In the entries below, find the line with "Haitian Painting oil" and the line with "No nível da"; copy them and every line between them exactly, but not the pictures.

*** Opening of The data ***

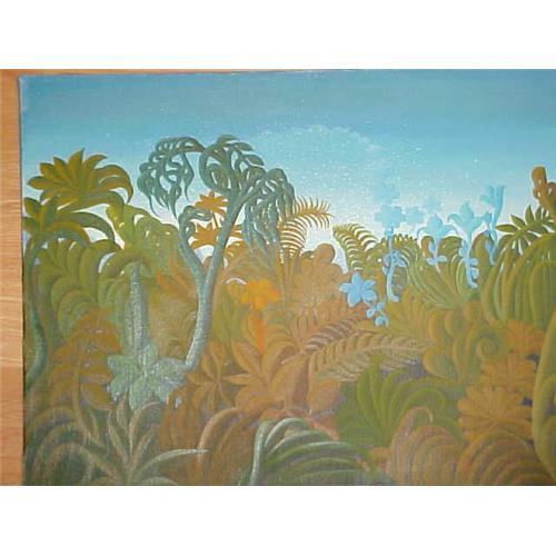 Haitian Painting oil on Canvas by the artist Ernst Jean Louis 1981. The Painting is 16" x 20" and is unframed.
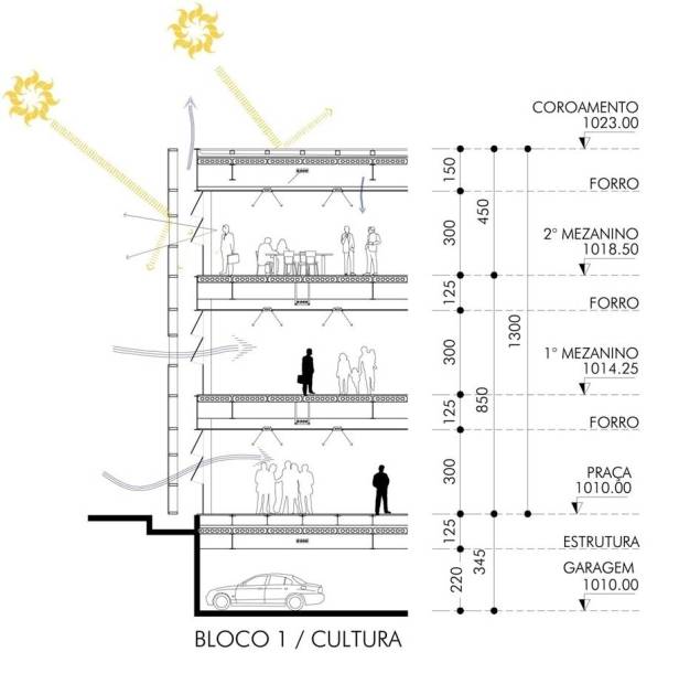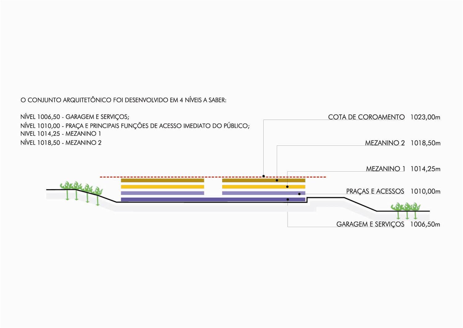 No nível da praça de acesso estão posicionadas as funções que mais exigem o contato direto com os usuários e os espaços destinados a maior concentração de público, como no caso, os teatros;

*** Close of The data ***
*** Opening of The data ***

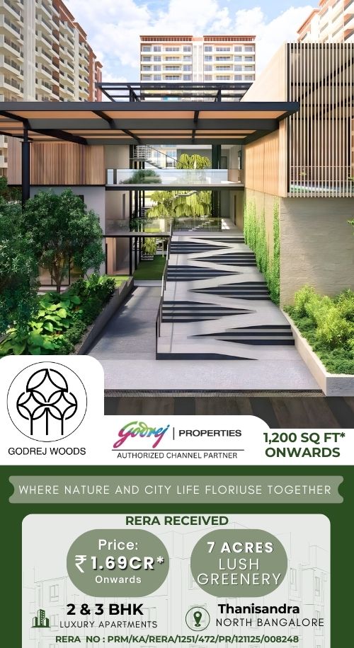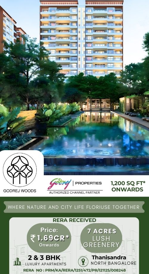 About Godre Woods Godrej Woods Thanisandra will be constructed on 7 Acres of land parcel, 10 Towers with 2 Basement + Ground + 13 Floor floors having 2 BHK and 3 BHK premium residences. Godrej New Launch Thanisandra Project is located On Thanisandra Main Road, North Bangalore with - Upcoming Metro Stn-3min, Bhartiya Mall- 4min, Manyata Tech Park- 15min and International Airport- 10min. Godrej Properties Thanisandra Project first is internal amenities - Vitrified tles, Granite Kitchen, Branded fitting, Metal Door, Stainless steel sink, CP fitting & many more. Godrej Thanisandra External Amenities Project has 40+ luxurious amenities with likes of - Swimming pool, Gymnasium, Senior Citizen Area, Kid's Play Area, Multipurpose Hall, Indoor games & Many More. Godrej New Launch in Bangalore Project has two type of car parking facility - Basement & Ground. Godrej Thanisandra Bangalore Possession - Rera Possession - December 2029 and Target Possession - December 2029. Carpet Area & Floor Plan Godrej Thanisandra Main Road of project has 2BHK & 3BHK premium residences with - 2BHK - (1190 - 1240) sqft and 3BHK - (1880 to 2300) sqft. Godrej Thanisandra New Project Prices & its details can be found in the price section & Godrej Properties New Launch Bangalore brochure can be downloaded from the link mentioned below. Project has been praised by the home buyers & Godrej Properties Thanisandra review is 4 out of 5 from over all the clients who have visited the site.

*** Close of The data ***

→ Output
 Haitian Painting oil on Canvas by the artist Ernst Jean Louis 1981. The Painting is 16" x 20" and is unframed.
 No nível da praça de acesso estão posicionadas as funções que mais exigem o contato direto com os usuários e os espaços destinados a maior concentração de público, como no caso, os teatros;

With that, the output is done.